Matthew Dennington

Personal information
- Full name: Matthew John Dennington
- Born: 16 October 1982 (age 43) Durban, South Africa
- Nickname: Denzel
- Height: 6 ft 1 in (1.85 m)
- Batting: Right-handed
- Bowling: Right-arm fast-medium
- Role: All-rounder

Domestic team information
- 2003–2006: Kent
- FC debut: 28 April 2003 Kent v Oxford UCCE
- Last FC: 17 May 2006 Kent v Cambridge UCCE
- LA debut: 7 May 2003 Kent Cricket Board v Derbyshire
- Last LA: 23 April 2006 Kent v Somerset

Career statistics
| Competition | FC | LA | T20 |
| Matches | 12 | 17 | 8 |
| Runs scored | 271 | 99 | 22 |
| Batting average | 19.35 | 12.37 | 7.33 |
| 100s/50s | 0/3 | 0/0 | 0/0 |
| Top score | 55 | 26* | 12 |
| Balls bowled | 1,087 | 600 | 144 |
| Wickets | 19 | 7 | 9 |
| Bowling average | 32.84 | 90.57 | 24.66 |
| 5 wickets in innings | 0 | 0 | 0 |
| 10 wickets in match | 0 | 0 | 0 |
| Best bowling | 3/23 | 3/53 | 4/28 |
| Catches/stumpings | 5/– | 3/– | 2/– |
- Source: CricInfo, 1 June 2017

= Matthew Dennington =

South African cricketer

Matthew John Dennington (born 16 October 1982) is a South African born former professional cricketer.
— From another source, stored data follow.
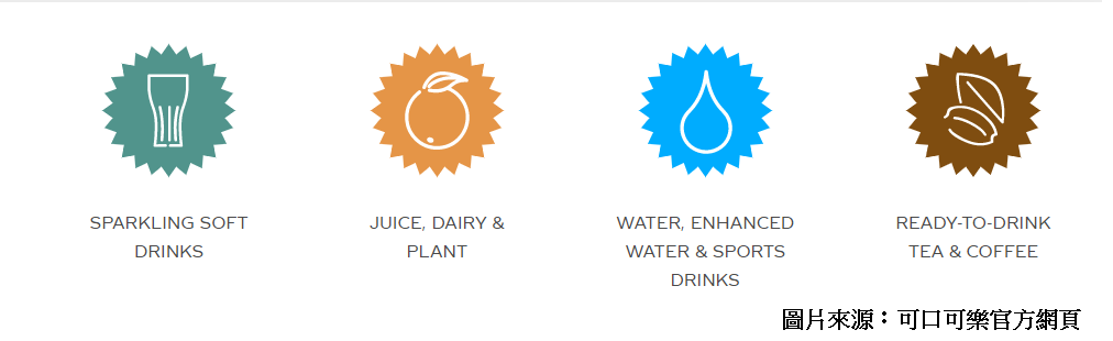 除了主力的碳酸饮品系列,集团还提供补水、运动、咖啡/茶、果汁、营养饮品、乳制品和植物性等饮品类别。较知名的非碳酸饮品品牌包括Dasani、Smartwater、维他命水、Costa、美粒果等。
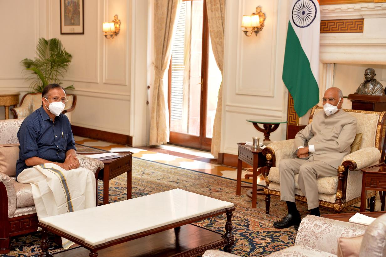 The Minister of State for External Affairs and Parliamentary Affairs, Shri V. Muraleedharan meeting with the President of India, Shri Ram Nath Kovind, at Rashtrapati Bhavan on July 13, 2020.
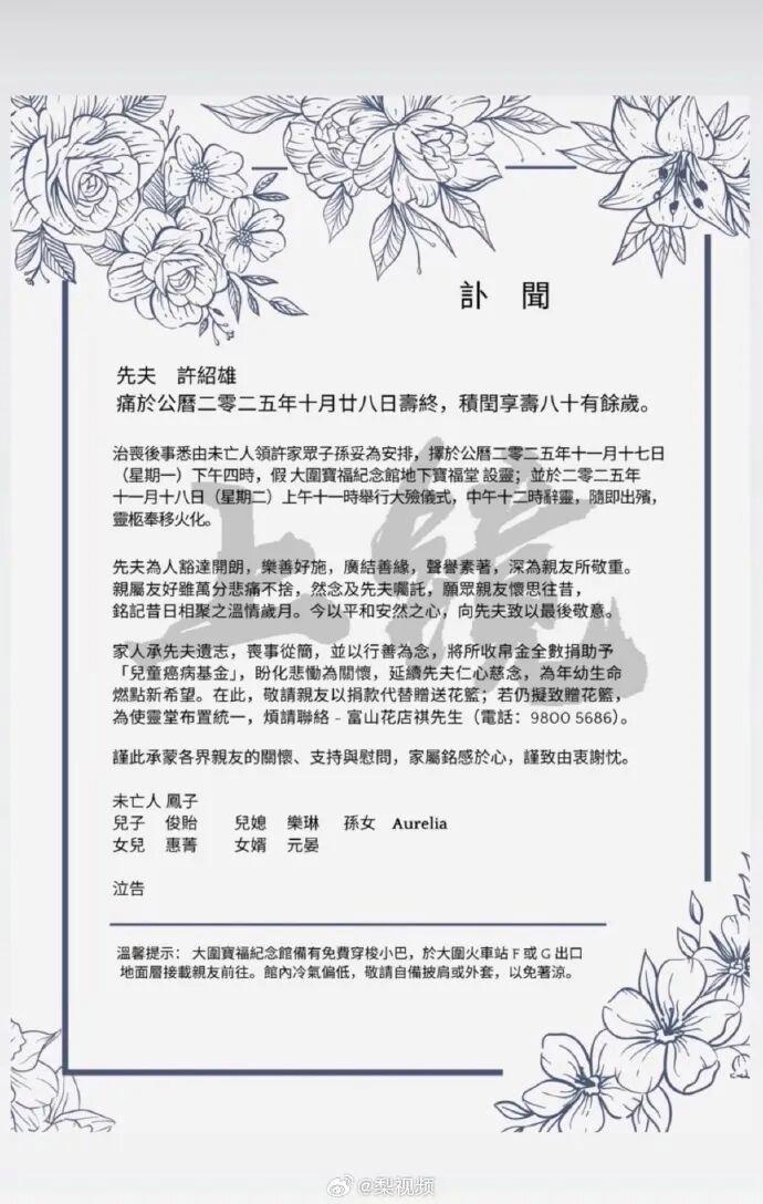 10月31日,黎芷珊发布许绍雄讣告:“治丧后事悉由未亡人领许家众子孙妥为安排,择于11月17日假大围宝福纪念馆地下宝福堂设灵,并于11月18日举行大殓仪式。”并表示将所收帛金全数捐助予“儿童癌病基金”。
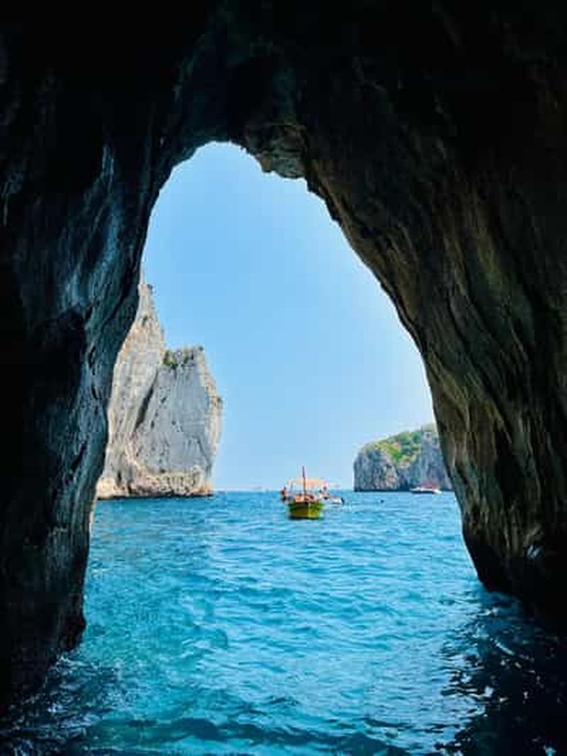 La balade en barque commence par le passage à travers une petite ouverture rocheuse, située à environ deux mètres au-dessus du niveau de la mer. Pour y accéder, il faut généralement s’allonger dans la barque afin de franchir l’accès étroit, utilisé depuis l’époque romaine. Le moment en lui-même ne dure que quelques minutes. Mais il demeure incontournable pour découvrir la magie et les reflets de la cavité.
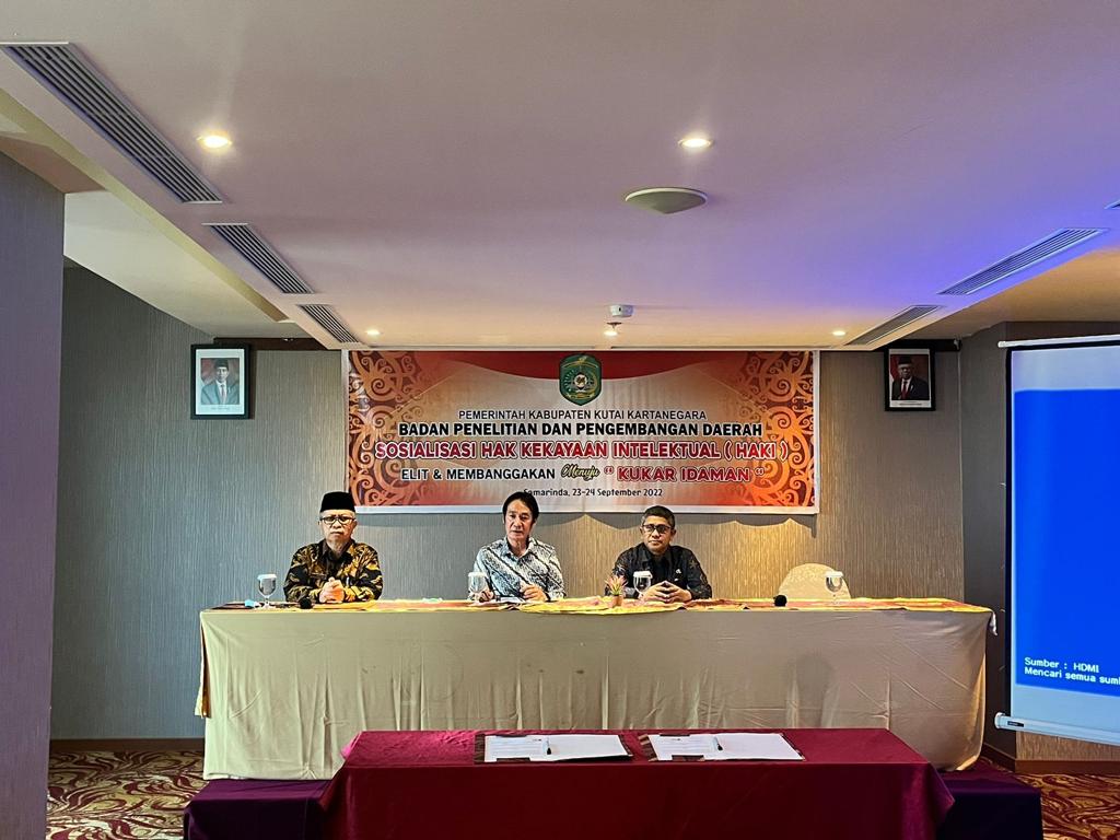 Badan Penelitian dan Pengembangan Daerah Kabupaten Kutai Kartanegara mengadakan Kegiatan Sosialisasi Hak Kekayaan Intelektual dilaksanakan pada hari ini, Jum’at, tanggal 23 September 2022 bertempat di Hotel Selyca Mulya Samarinda. Kegiatan Sosialisasi Hak Kekayaan Intelektual merupakan upaya untuk mewujudkan Visi dan Misi Kepala Daerah yaitu IDAMAN atau INOVATIF, DAYA SAING dan MANDIRI melalui peningkatan kemampuan serta pengetahuan aparatur sipil negara khususnya bagi Para peneliti dan hadirin sekalian pada umumnya terkait dengan pemahaman dan tata cara pendaftaran HAKI.

He was born in Durban but holds a European passport. He was educated at Northwood School in Durban, Varsity College and the University of South Africa. He played for Durban Cricket Club and KwaZulu-Natal B and was a member of the Shell SA Academy in 2002 before leaving South Africa to play cricket in England.

Dennington played for Orpington in the Kent Cricket League in 2002 and appeared for Kent County Cricket Club's Second XI during the season. He made a List A cricket appearance for the Kent Cricket Board in the 2003 Cheltenham & Gloucester Trophy before being contracted by Kent and playing for the county team in the National League and Twenty20 Cup the same year.

Playing as an all-rounder, he went on to make his first-class cricket debut for Kent in April 2004 against Oxford University at The University Parks. After appearing in seven first-class and 10 List A matches for Kent in 2004 he was retained for the 2005 season. His appearances for the county reduced in 2005 and in 2006 he played in only one first-class and one List A match and at the end of the season he was released by Kent.

In the Kent Cricket League Dennington played for St Lawrence and Highland Court during his time with Kent. He then moved to Bromley Cricket Club and played there until the end of the 2012 season. During 2012 he also played in the Leinster Senior League for Dublin University Cricket Club.